Standards & certification
The Cybersecurity Act does not mandate a single standard but encourages alignment with frameworks such as ISO/IEC 27001, NIST CSF 2.0 and sector-specific standards (e.g. IEC 62443 for industrial control systems). Many Swedish authorities reference ISO 27001 as a practical way to structure compliance.
National NIS2 timeline & key dates (Sweden)
Sector-specific requirements (Sweden)
- Energy: electricity, district heating/cooling, oil, gas and hydrogen suppliers will be in scope, with Energimyndigheten as the main supervisory authority. Additional sector-specific guidance and checklists are being published for energy operators.
- Public administration: many state agencies, regions and municipalities will be covered as a dedicated NIS2 sector.
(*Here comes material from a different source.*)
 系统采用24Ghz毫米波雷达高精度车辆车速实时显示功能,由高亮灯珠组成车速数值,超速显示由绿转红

For public entities, obligations under the Cybersecurity Act will apply alongside other security and continuity regulations.
- Digital infrastructure & ICT service providers: cloud, data centre services, content delivery, managed security and managed IT services are explicitly targeted by NIS2 and will be important focus areas for Swedish supervisors.
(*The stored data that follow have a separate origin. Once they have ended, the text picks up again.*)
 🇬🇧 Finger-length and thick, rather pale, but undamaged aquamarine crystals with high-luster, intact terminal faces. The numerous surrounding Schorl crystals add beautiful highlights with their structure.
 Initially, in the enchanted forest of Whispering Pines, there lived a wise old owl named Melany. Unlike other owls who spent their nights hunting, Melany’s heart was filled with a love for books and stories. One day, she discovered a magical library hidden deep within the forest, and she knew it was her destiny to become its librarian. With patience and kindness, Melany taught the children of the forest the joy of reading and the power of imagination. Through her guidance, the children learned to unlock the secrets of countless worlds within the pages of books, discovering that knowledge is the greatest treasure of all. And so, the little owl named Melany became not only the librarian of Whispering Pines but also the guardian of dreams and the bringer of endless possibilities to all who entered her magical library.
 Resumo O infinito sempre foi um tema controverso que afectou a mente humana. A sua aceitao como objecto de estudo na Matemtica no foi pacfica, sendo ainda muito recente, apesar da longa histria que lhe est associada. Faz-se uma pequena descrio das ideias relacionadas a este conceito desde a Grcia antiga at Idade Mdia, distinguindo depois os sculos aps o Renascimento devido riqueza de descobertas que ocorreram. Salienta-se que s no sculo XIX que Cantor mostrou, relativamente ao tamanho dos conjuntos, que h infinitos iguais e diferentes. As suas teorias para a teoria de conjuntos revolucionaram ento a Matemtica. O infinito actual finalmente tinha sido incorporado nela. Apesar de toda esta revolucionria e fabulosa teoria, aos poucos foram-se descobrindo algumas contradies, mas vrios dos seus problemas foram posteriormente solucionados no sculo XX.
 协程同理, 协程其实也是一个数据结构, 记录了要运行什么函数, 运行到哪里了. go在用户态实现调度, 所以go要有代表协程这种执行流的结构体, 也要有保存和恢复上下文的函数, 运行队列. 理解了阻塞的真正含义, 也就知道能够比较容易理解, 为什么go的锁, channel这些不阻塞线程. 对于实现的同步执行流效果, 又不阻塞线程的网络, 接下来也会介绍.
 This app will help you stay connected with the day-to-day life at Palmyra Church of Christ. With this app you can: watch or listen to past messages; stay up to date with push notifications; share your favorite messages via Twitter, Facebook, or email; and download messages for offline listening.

- Health, food, water and transport: hospitals, laboratories, drinking water suppliers, food producers, and transport operators may be designated as essential or important entities depending on size and criticality.
- Supply chain: suppliers that are not directly in scope may still need to meet heightened security expectations via contracts if they serve NIS2-covered operators.
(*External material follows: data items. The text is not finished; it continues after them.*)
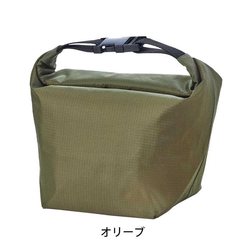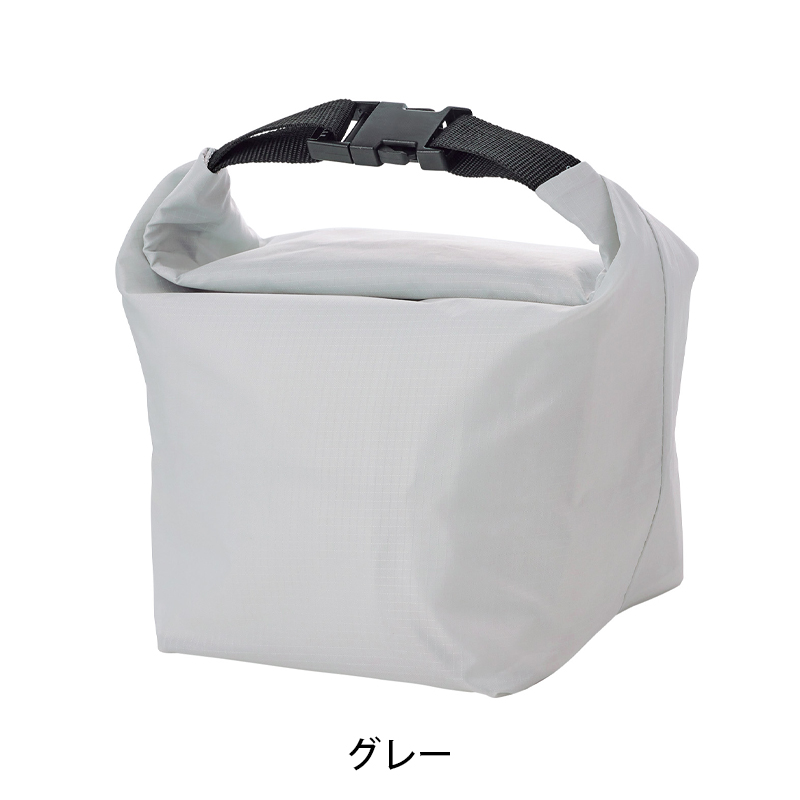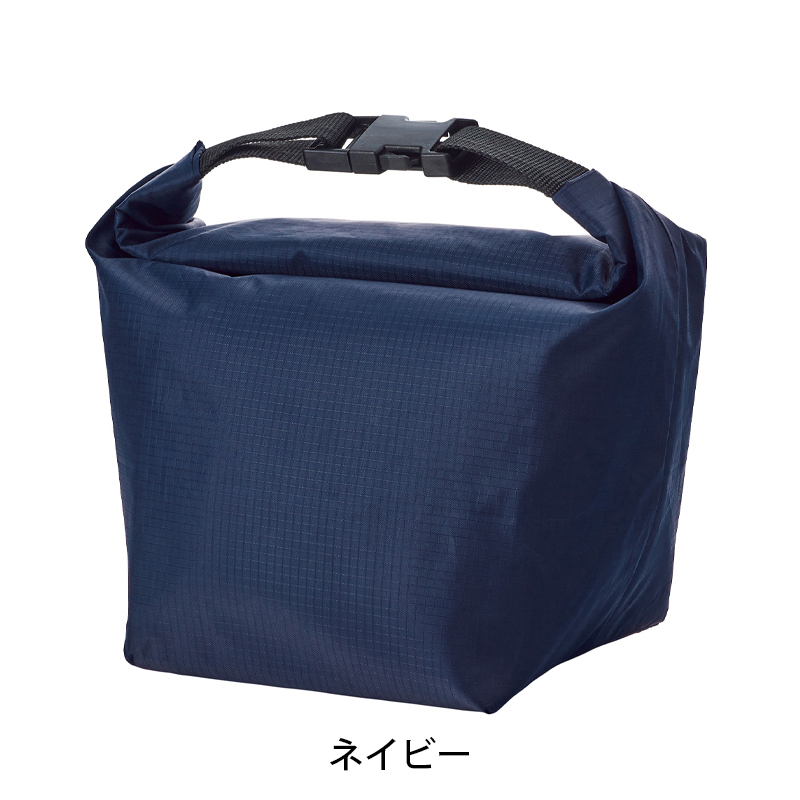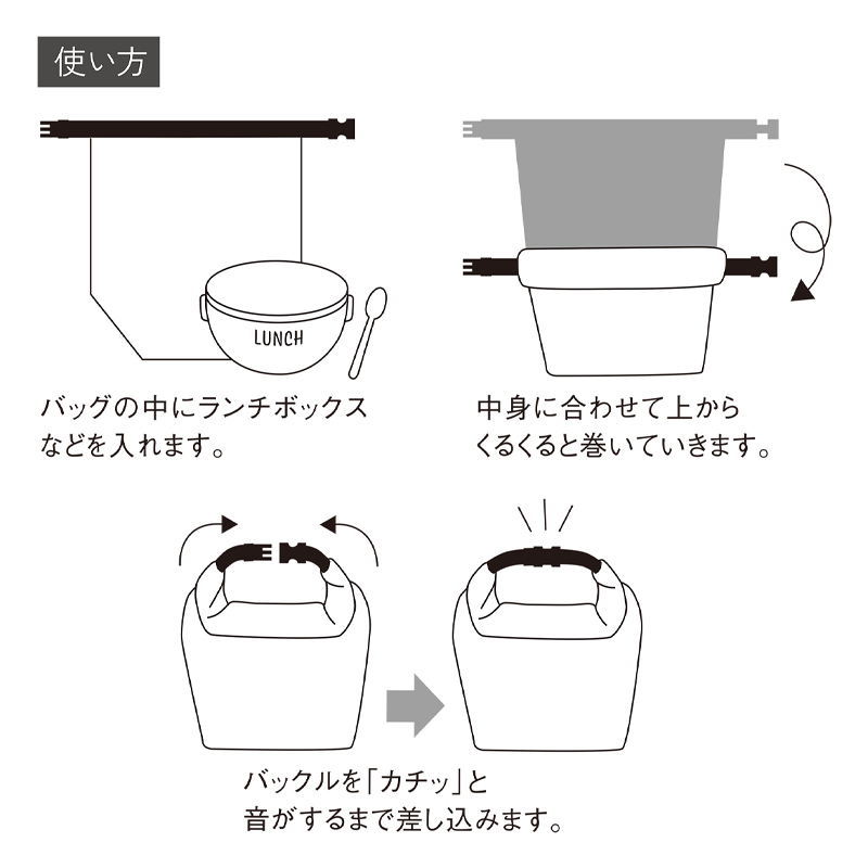 ・袋の上端をくるくると折り返して、左右の差し込みバックルをリング状に留めると、持ち手付きの保冷温ランチバッグに!
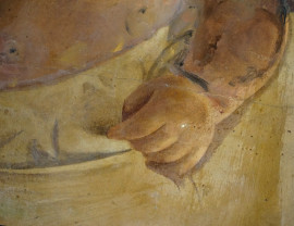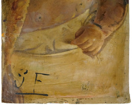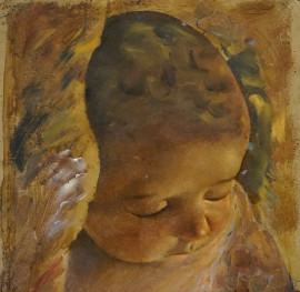 Bambino dorminiente, olio su carta applicata su cartone, cm 19,5x35,5, siglato SF, (difetti)
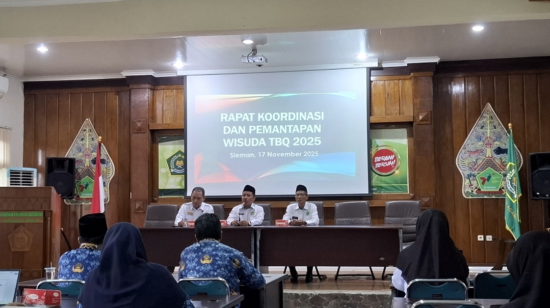 Kemenag Sleman News – Dalam rangka mempersiapkan terwujudnya Sleman Religi melalui Tuntas Baca Quran, Kantor Kementerian Agama Kabupaten Sleman melalui Seksi Pendidikan Agama Islam menggelar Rapat Koordinasi dan Pemantapan Wisuda TBQ 2025 pada Senin (17/11/2025) di Aula lantai 3 kantor setempat.
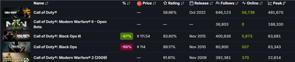 值得一提的是,这一数字甚至超越了《使命召唤》在Steam平台的所有历史成绩,包括人气极高的免费模式《使命召唤:战区》以及近几年所有测试期的最高在线人数。

Penalties for non-compliance
The Cybersecurity Act introduces administrative fines for serious breaches of NIS2 obligations. For private companies, fines can reach up to approximately EUR 10 million or a percentage of global annual turnover (in line with NIS2 ceilings). For public organisations, the law will set caps in Swedish kronor, with discussions around maximum levels in the range of several million SEK.
Supervisory authorities will also be able to issue binding instructions, require corrective measures, and in some cases impose recurring penalty payments (vite) if serious deficiencies are not addressed.
How to prepare for NIS2 in Sweden
- Clarify if you are in scope: check your sector, size, and role in critical services. Use Swedish authorities’ self-assessment tools (e.g. MSB and Energimyndigheten) to identify if you are an essential or important entity.
- Map your supervisory authority: determine whether MSB, PTS, Energimyndigheten or another sectoral regulator will oversee you under the Cybersecurity Act.
- Perform a gap analysis: compare current controls against NIS2 requirements (governance, risk management, incident handling, business continuity, supply-chain security, training, etc.).
- Strengthen governance: ensure the board and executive management understand their NIS2 responsibilities, receive training, and have regular reporting on cyber risks and compliance status.
- Update policies and technical measures: align your ISMS (e.g. ISO 27001) with NIS2, covering both IT and OT environments and the full lifecycle of systems.
- Prepare for registration: collect the information you will need when MSB’s NIS2 registration portal goes live (legal entity data, sectors, services, contact points, cross-border dependencies).
- Build incident readiness: define clear criteria and workflows for reporting serious incidents, including 24/7 escalation paths and coordination with CERT-SE and your sector authority.
- Document and evidence: keep records of risk assessments, security measures, exercises, supplier reviews, and training – this documentation will be crucial in supervisory audits.